You simply need a circular array of 1000 elements, where you add the element to the previous element and store it... It becomes an increasing sum, where you can always get the sum between any two pairs of elements, and divide by the number of elements between them, to yield the average.

您只需要一个包含 1000 个元素的圆形数组，在其中将元素添加到前一个元素并将其存储......它变成了一个递增的总和，您始终可以得到任意两对元素之间的总和，然后除以数字它们之间的元素，以产生平均值。

If your needs are simple, you might just try using an exponential moving average.

如果您的需求很简单，您可以尝试使用指数移动平均线。

http://en.wikipedia.org/wiki/Moving_average#Exponential_moving_average

http://en.wikipedia.org/wiki/Moving_average#Exponential_moving_average

Put simply, you make an accumulator variable, and as your code looks at each sample, the code updates the accumulator with the new value.
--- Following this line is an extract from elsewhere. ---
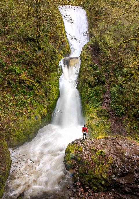 It is definitely a great shot. I like the long exposure but still a visible human to make photo alive, also his red jacket. Don't if it looks different with portrait format and highlight the waterfall. |

You pick a constant "alpha" that is between 0 and 1, and compute this:

简而言之，您创建了一个累加器变量，当您的代码查看每个样本时，代码会使用新值更新累加器。您选择一个介于 0 和 1 之间的常量“alpha”，然后计算：

accumulator = (alpha * new_value) + (1.0 - alpha) * accumulator

You just need to find a value of "alpha" where the effect of a given sample only lasts for about 1000 samples.

您只需要找到一个“alpha”值，其中给定样本的效果仅持续大约 1000 个样本。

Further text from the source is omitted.